Created attachment 346152 [details]
Fix for named md device bringup in mkinitrd
I forgot that you also need this patch to mkinitrd (I don't know if it will apply cleanly to a rawhide system, I did the patch against the latest F9 mkinitrd package, but the intent should be obvious).
There are two things to keep in mind. Named md devices (as opposed to numbered devices) are always symlinks to whatever random number was used to assemble the device *this* time (aka /dev/md127). That number can change, but the name will be the same and regardless of the number the name will always point to the right device. The reason we still have to deal with the numbered device (and intentionally ignore the numbered device as this patch does) is because it's transient. Unfortunately, the output of /proc/mdstat uses the transient numbered device instead of the name symlink. So does the contents of /sys/block. So, we need to detect in mkinitrd when the md device name is a symlink, then work back to the real device, use the real device for resolution of device drivers and such, but use the name of the array for assembly. This also implies that you need to make sure that the mdadm.conf file has an array line that uses the name of the device, and not the transient md device number.
So, make sure that your array lines are of the type:
ARRAY /dev/md/root <blah>
ARRAY /dev/md127 <blah>
then make sure the fstab uses the name (which you already said it does), then rerun mkinitrd after applying this patch (or hand applying it if it doesn't apply cleanly) and you should be good to go.
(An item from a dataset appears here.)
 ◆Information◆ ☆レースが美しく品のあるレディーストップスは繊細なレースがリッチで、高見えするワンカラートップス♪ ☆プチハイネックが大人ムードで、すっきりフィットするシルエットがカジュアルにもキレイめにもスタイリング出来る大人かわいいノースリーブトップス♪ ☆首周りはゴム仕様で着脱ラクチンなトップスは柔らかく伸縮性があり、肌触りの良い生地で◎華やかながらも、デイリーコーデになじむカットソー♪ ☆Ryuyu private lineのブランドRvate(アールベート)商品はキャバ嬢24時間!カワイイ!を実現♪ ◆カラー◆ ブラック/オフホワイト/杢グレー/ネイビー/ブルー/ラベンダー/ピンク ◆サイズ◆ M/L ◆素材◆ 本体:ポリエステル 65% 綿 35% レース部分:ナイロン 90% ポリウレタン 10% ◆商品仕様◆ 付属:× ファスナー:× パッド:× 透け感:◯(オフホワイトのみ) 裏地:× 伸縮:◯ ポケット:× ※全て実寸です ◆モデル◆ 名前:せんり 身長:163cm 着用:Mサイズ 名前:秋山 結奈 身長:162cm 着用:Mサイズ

In the meantime, you should also be able to pass root=/dev/md127 (or /dev/md126) and get the system to boot with the existing initrd, however it will drop to a "Repair filesystem" prompt when it gets to checking the filesystems since /etc/fstab is looking for something else as root and it won't exist (mdadm won't create the /dev/md/* symlinks when it's called with mdadm -As --auto=yes --run /dev/md127 like the boot log messages show, it has to be called without specifying a name or with the symlink name if you want the symlink created...the mkinitrd patch corrects that).
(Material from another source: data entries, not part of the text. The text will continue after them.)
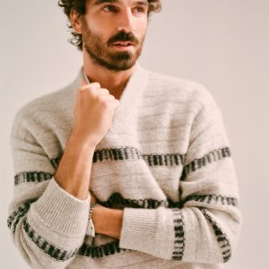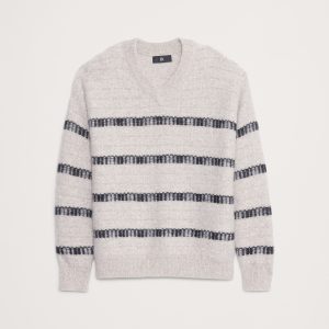 A v-neck sweater with a vintage vibe. Look closely: this one achieves its subtle, tonal stripe by mixing both colors and stitch types, in a soft and warm blend of alpaca, wool, and nylon.
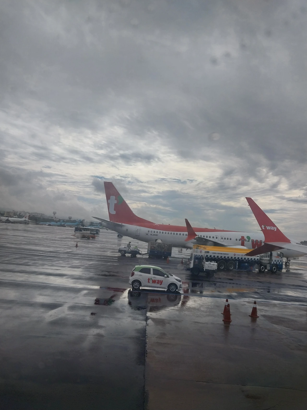 제주도로 들어가기 전 비행기에서 촬영한 제주도 하늘 모습입니다. 멀리서 봤을 때 <왜 저기만 구름이 몰려있지?> 생각했는데, 바로 아래가 제주도더라고요. 저렇게 제주도 상공에만 구름이 잔뜩 몰려있다면, 제주도에 비가 오고 있겠구나, 생각했는데, 비행기에서 내리니 진짜로 비가 오고 있더군요.
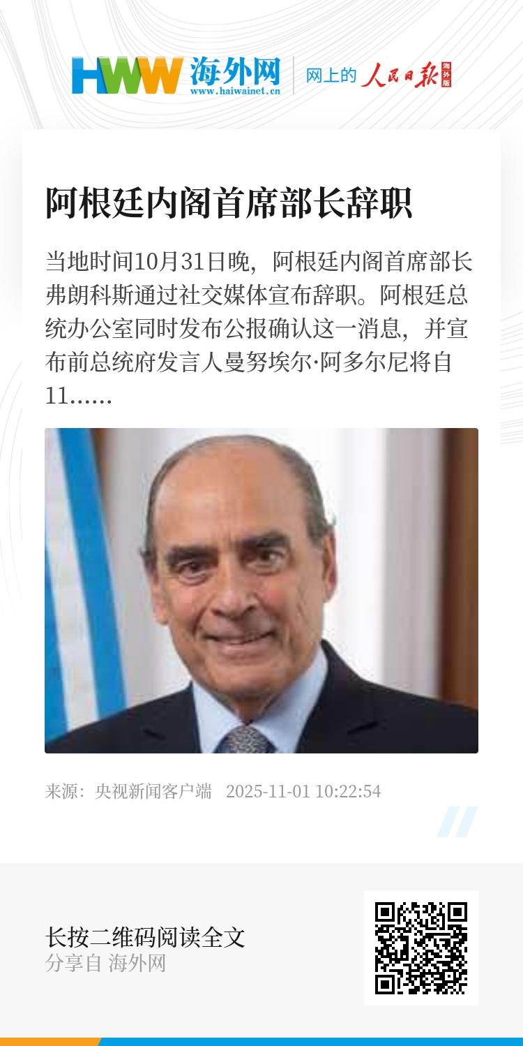 阿根廷总统办公室同时发布公报确认这一消息,并宣布前总统府发言人曼努埃尔·阿多尔尼将自11月3日起接任内阁首席部长一职。(总台记者 宫祥诚)
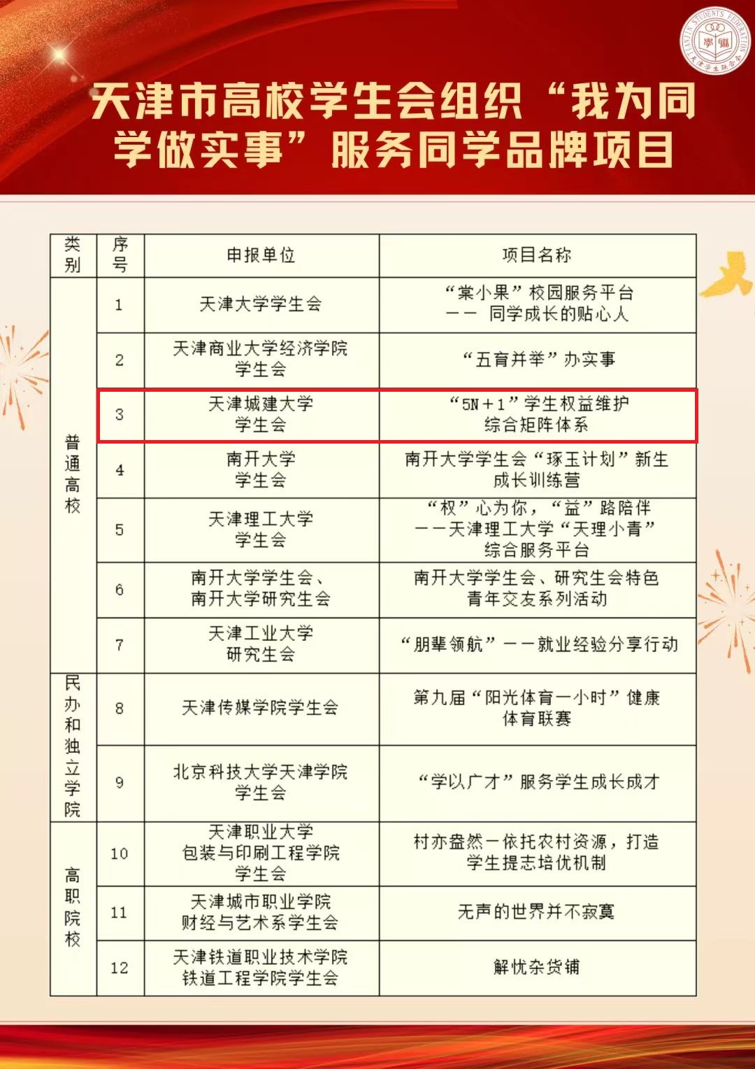 本次活动由共青团天津市委员会、天津市学生联合会主办,经过自主申报、市学联初评,本科院校共13个项目进入终评。Beat365官网学生会“‘5N+1’学生权益维护综合矩阵体系”项目,致力于维护学生在校学习、生活权益,通过学生权益维护座谈,张贴“我为同学做实事”问题反馈二维码等方式,拓宽问题反馈渠道,搭建学校职能部门直面学生解决问题的平台,强化学校与学生的直接联系,不断探索以学生为主体,构建需求化、信息化、规范化、实践化、媒体化权益维护体系,提升学生对学校服务窗口满意度。
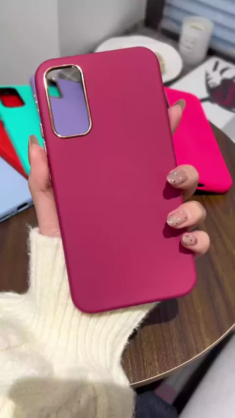Capa para telemóvel simples de silicone líquido à prova de quedas com botão de metal 3 em 1 #silicone #Capa
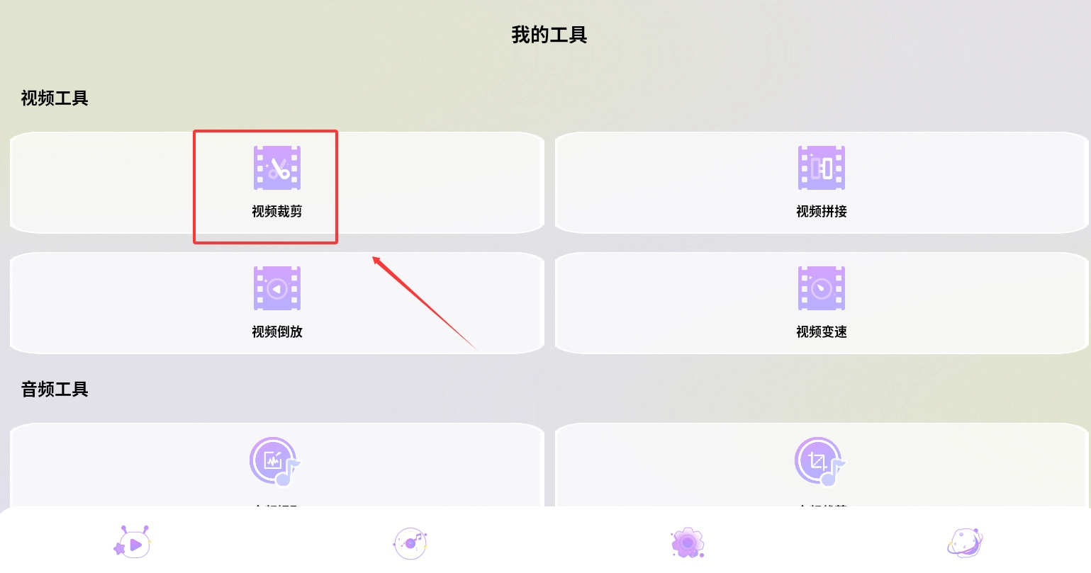 进入我的工具页面,就能进行视频裁剪、拼接等制作操作,只需按顺序点击即可完成。
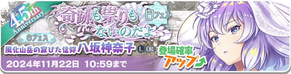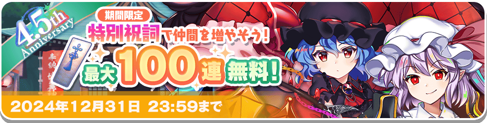 「東方LostWord」をご利用いただき、誠にありがとうございます。 2020年4月30日より配信を開始した「東方LostWord」は、2024年10月30日に4.5周年を迎えます。 4.5thアニバーサリーの感謝といたしま

Thanks, you are the best maintainer ever!
I'm attaching a version of the patch rebased against Fedora 11. Unfortunately, I couldn't test the fix yet because today I'm not physically near that particular server.
Created attachment 346156 [details]
patch rebased against the F11 version of mkinitrd
This bug appears to have been reported against 'rawhide' during the Fedora 11 development cycle.
Changing version to '11'.
More information and reason for this action is here:
This is a mass edit of all mkinitrd bugs.
Thanks for taking the time to file this bug report (and/or commenting on it).
As you may have heard in Fedora 12 mkinitrd has been replaced by dracut. In Fedora 12 the mkinitrd package is still around as some programs depend on
certain libraries it provides, but mkinitrd itself is no longer used.
In Fedora 13 mkinitrd will be removed completely. This means that all work
on initrd has stopped.
Rather then keeping mkinitrd bugs open and giving false hope they might get fixed we are mass closing them, so as to clearly communicate that no more work will be done on mkinitrd. We apologize for any inconvenience this may cause.
If you are using Fedora 11 and are experiencing a mkinitrd bug you cannot work around, please upgrade to Fedora 12. If you experience problems with the initrd in Fedora 12, please file a bug against dracut.